Once those "delectable" flavors don't include disodium inosinate, sodium acetate and Red 40, these statements will likely elicit fewer snickers. That job falls to Tim Fink, Frito Lay's director of seasonings and culinary innovation. I spoke to him about his efforts, which are filled with challenges, shortcomings and extra costs.

Since the FDA has never bothered to define what "natural" means, Fink says Frito came up with its own, fairly expansive, definition -- no MSG, no artificial flavors or colors, no artificial preservatives and no "unfamiliar ingredients":

Even if some of the ingredients were natural but they didn't sound familiar we tried to remove those.
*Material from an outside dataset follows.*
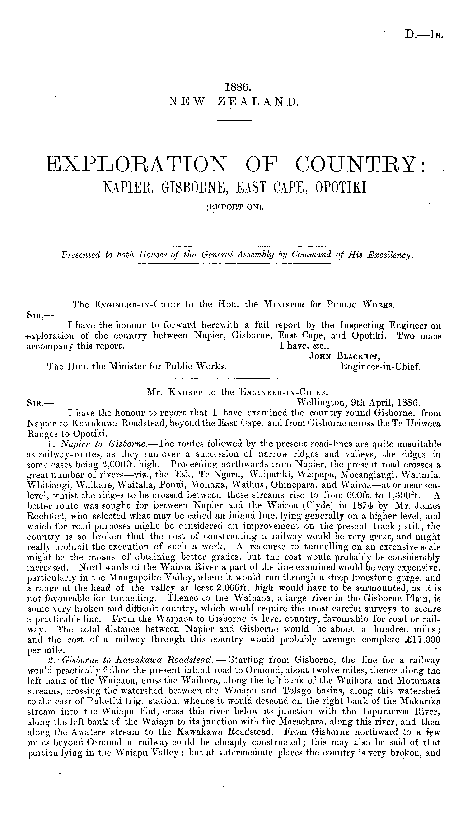 The Engineek-in-Chiei , to the Hon. the Minister for Public Works. Sir,— I have the honour to forward herewith a full report by the Inspecting Engineer on exploration of the country between Napier, Gisbornc, East Cape, and Opotiki. Two maps accompany this report. I have, &c, John Blackett, The Hon. the Minister for Public Works. Engineer-in-Chief.

The ultimate goal was if it's not in your kitchen cupboard, can we get it off the label? We didn't get to 100% but we got pretty close.
Fink worked with his suppliers to get the red coloring for Flaming Hot Lays from beets and vinegar flavor for Salt & Vinegar Lays from actual vinegar, not sodium diacetate. As a result, seasoning costs went up by "a significant amount," according to Fink, though he declined to offer specifics.

What Frito's all-natural plan leaves out
Frito's embrace of nature of only goes so far. Two things not on the table are genetically engineered ingredients and the hexane-extraction of soybean oil. Unless a Frito-Lay product uses organic corn or organic soybean oil, it's almost certain that those Tostitos are made with GE corn. And that soybean oil is made by bathing soybeans in a bath of hexane, a neurotoxic product of gasoline refining. Hexane is widely used and manufacturers say that it gets burned off with no traces of it remaining in the food you eat.

Fink says his hardest work lies ahead -- taking out the long list of chemical ingredients in Cheetos and many of the explosively-flavored versions of Doritos. Although Frito is already selling a natural version of Cheetos, these aren't the same product. Fink's aim is to get the regular Cheetos kids love to taste almost exactly the same without the chemicals.

For critics of the food industry, natural Cheetos are an oxymoron. But for Fink and Nooyi, they're the Holy Grail.